Anthropic, OpenAI’s competitor, has dominated the market to date, but GPT-5 has slightly outperformed Anthropic’s latest model on SWE-bench Verified, an industry-standard test for programming capabilities. This has allowed OpenAI to win over important users, including the Any sphere team, whose popular coding assistant Cursor is one of Anthropic’s biggest customers: Successfully migrating its users to GPT 5 would provide a significant boost to OpenAI’s annual recurring revenue, which already stands at $12 billion in annual recurring revenue (ARR) with a prospect of reaching $20 billion by the end of 2025.
OpenAI is currently valued at around $300 billion, with 700 million weekly active users, many of whom pay monthly subscriptions ranging from $20 to $200, which constitute the product’s main source of revenue.
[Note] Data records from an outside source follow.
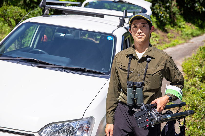 個体に影響が及ばぬように遠くから調査するので、本格的な機材を使用します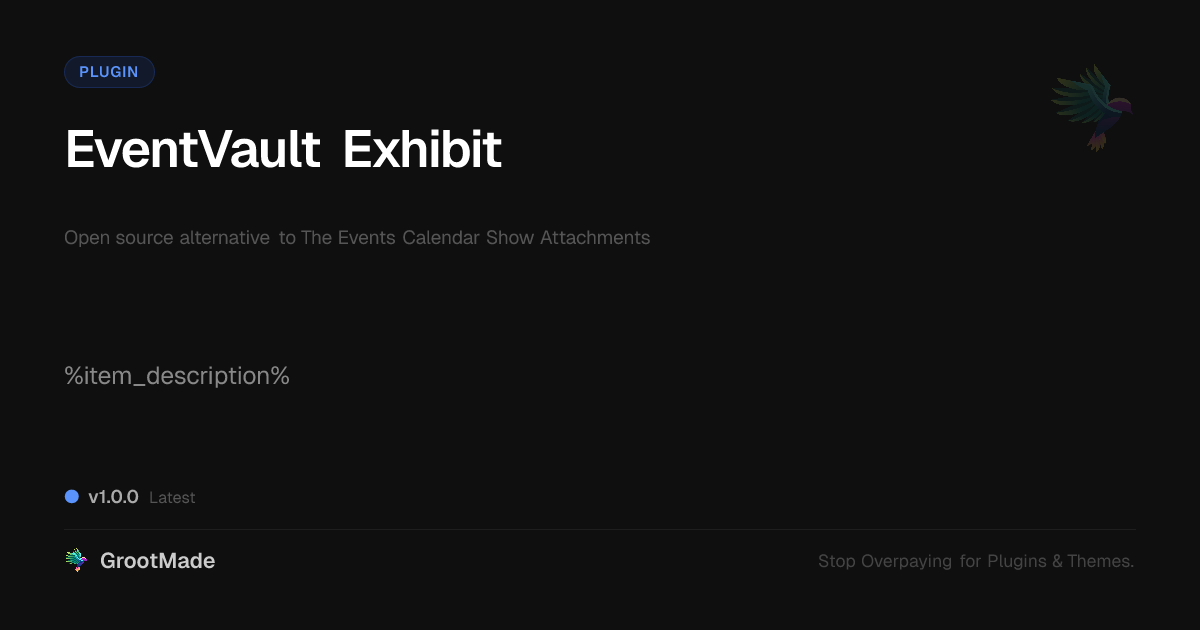 GrootMade is not affiliated with The Events Calendar Show Attachments and provides an open-source alternative.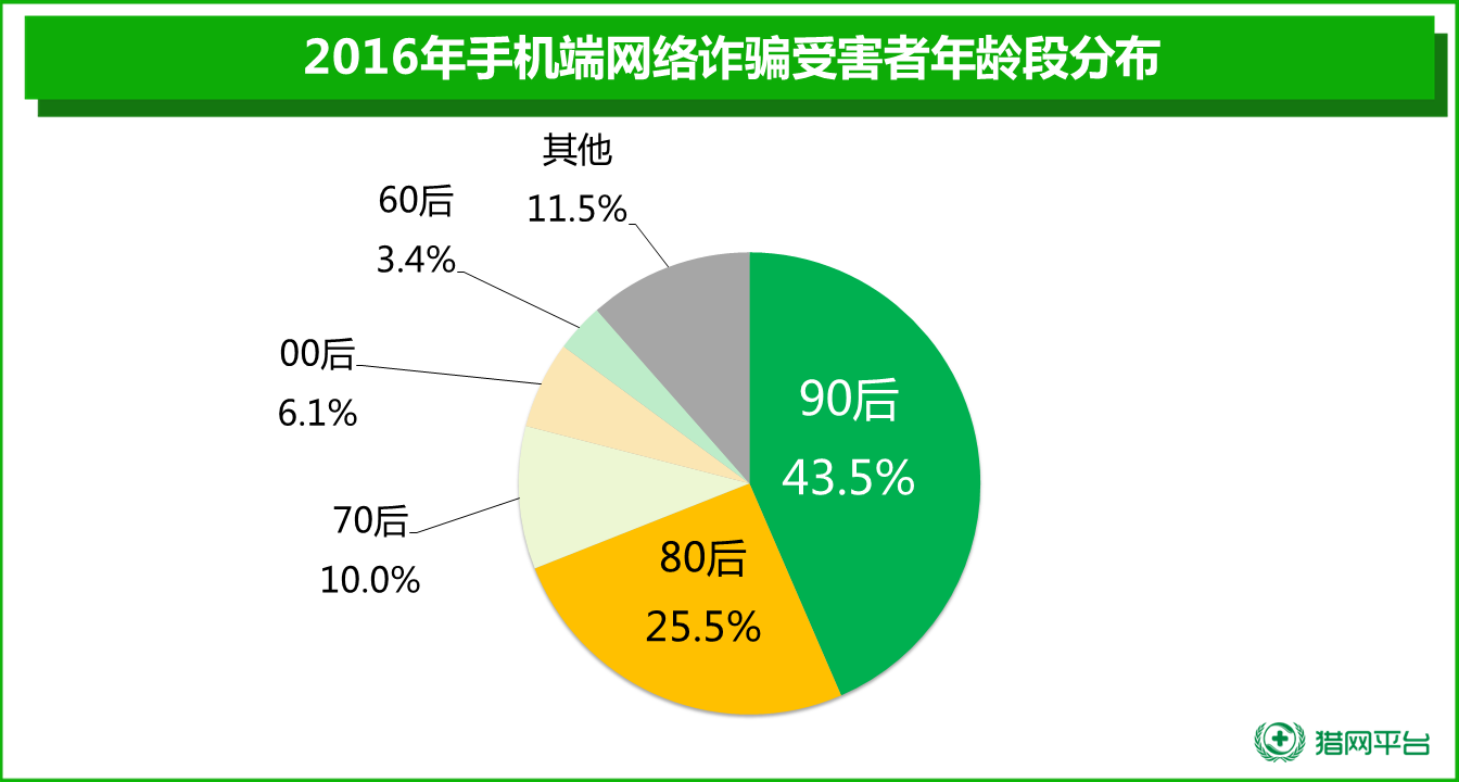 從被騙網(wǎng)民的年齡結(jié)構(gòu)上看,90后受網(wǎng)絡(luò)詐騙的比例最高,占受害者總數(shù)的43.5%,其次是80后占比25.5%,70后占比10.0%。

GPT 5 is expected – precisely because of its positioning relative to the competition – to significantly increase the San Francisco-based company’s valuation: a new valuation of $500 billion is being discussed, which would make it the most valuable private technology company in the world. But apart from the marked improvement in programming, there are many shadows that suggest caution, including the lack of improvement in reasoning and knowledge capabilities compared to competitors such as xAI’s Grok 4 Heavy (which scores 42% on the “Humanity’s Last Exam” compared to 44% for its competitor), the technological limitations that LLMs seem to represent and which form the backbone of GPT, the risk—considered high—of its dangerous use (such as the creation of biological weapons or new viruses by amateurs), and the ever-looming Chinese competition (DeepSeek).
Disclaimer
This post expresses the personal opinion of the Custodia Wealth Management staff who wrote it. It is not investment advice or recommendations, nor is it personalized advice, and should not be considered an invitation to carry out transactions on financial instruments.